First-Class Service Expands
The tourism industry has a long history of offering wealthier passengers first-class travel options, including priority seating, luxurious accommodations, and attentive service. Today, credit card companies use data to ensure premium cardholders receive faster support than regular customers, and the medical field is expanding concierge services. With a retainer, doctors will provide enhanced care, including a commitment to limit patient loads and maximize their availability to well-heeled clients. Players in many other industries are watching this trend, and will increasingly extend premium services to further expand market share.
Wellness & Lifestyle Are Healthy for Any Business
Among the new and immersive customer experiences offered by brick & mortars are complimentary wellness and nutrition programs, with retailers taking their cue from the hospitality industry. Westin Hotels helped lead the way with RunWESTIN™, a New Balance-sponsored program of scenic three- and five-mile running routes available to hotel guests. Lululemon, a yoga clothing specialty retailer, offers yoga classes and running clinics, while Williams-Sonoma provides in-store cooking classes. The expansion of such services enhances the shopping experience and increases the number and quality of human-to-human connections between associates and customers. For many of us, the word “shopping” is a sure-fire stress inducer; by incorporating wellness and lifestyle activities, businesses are putting the customer’s well-being and relaxation first, and they stand to reap the benefits.
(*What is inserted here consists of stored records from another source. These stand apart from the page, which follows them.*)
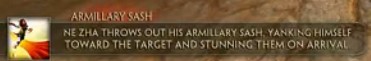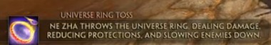哪吒向前方抛掷混天绫,对命中的第一个敌人造成晕眩效果,并将哪吒拉向目标。在哪吒到达目标后,对于附近敌人造成伤害。
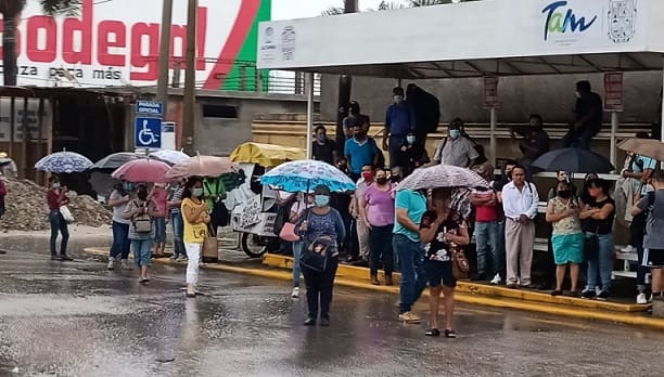 TAMPICO, TAMAULIPAS, 30 DE SEPTIEMBRE DE 2021.- Un ochenta por ciento del transporte público se paralizó al menos dos horas durante la mañana de este jueves a causa de la lluvia que se registró en la zona, situación que dejó varados a miles de usuarios de este servicio.
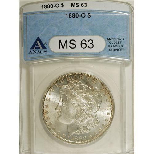 <B>1880-O $1 MS63 ANACS.</B></I> NGC Census: (1459/821). PCGS Population (1762/951). Mintage: 5,305,000. Numismedia Wsl. Price: $300. (#7114)<BR><BR><b>Shipping:</b> Coins & Currency (<a target="_blank" href="http://www.heritageauctions.com/common/shipping.php">view shipping information</a>)
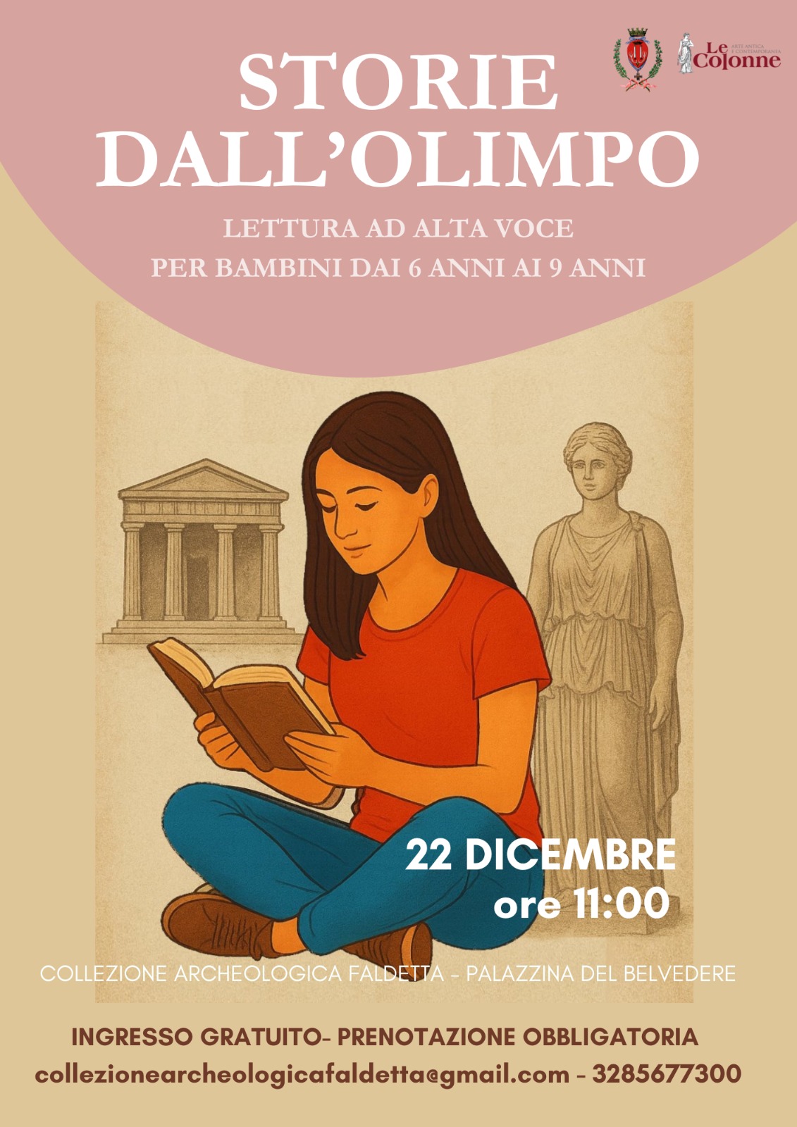 Lunedì 22 dicembre, alle ore 11.00, la Collezione Archeologica Faldetta ospita “Storie dell’Olimpo”, una lettura ad alta voce pensata per bambini dai 6 ai 9 anni.
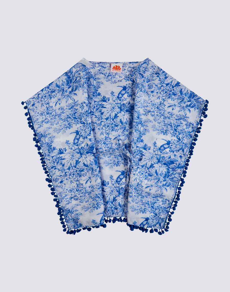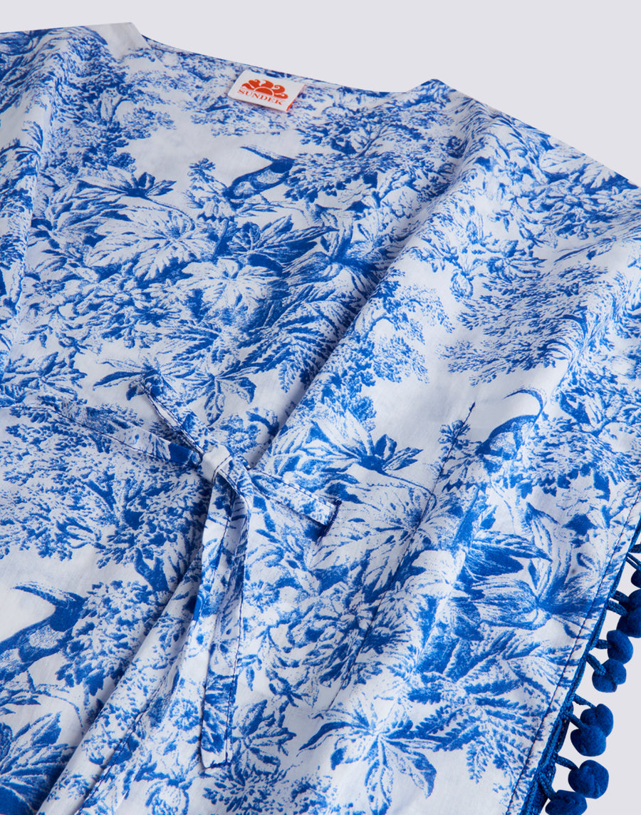 Este caftán para niña es perfecto para un look refinado y elegante. Estampado con un motivo toile de jouy, la hará sentirse romántica y a la moda. Ideal para ocasiones especiales o simplemente para darle un toque de clase en los días de playa.

Innovative Speech Recognition Systems Will Win Over Consumers
Consumers are frequently frustrated by first generation speech recognition technology, but firms like Interactions are successfully blending Artificial Intelligence (AI) and human understanding to achieve nearly 100 percent accuracy. Some customers speak softly, unclearly, or with accents that can befuddle a speech recognition system, while others have service issues beyond the ability of a bot to comprehend. When an interaction goes off the rails, the result is a customer experience that’s memorable for all the wrong reasons. The new hybrid speech recognition systems address this problem cleverly, leaving routine, unambiguous transactions to technology and letting live staff develop satisfying two-way conversations while spending more time helping the customer who really needs it.
Businesses that closely follow trends in customer service are always contemplating what’s new, exciting, and able to help them stand out from the crowd. Transactions are soon forgotten; experiences and emotions make memories. Is your customer service memorable? Are you missing opportunities to create human connections? A new year is at hand, full of promise. Dig more deeply into these 2018 trends and find creative ways to leverage the most relevant ones. The quintessential customer experience will be yours to deliver.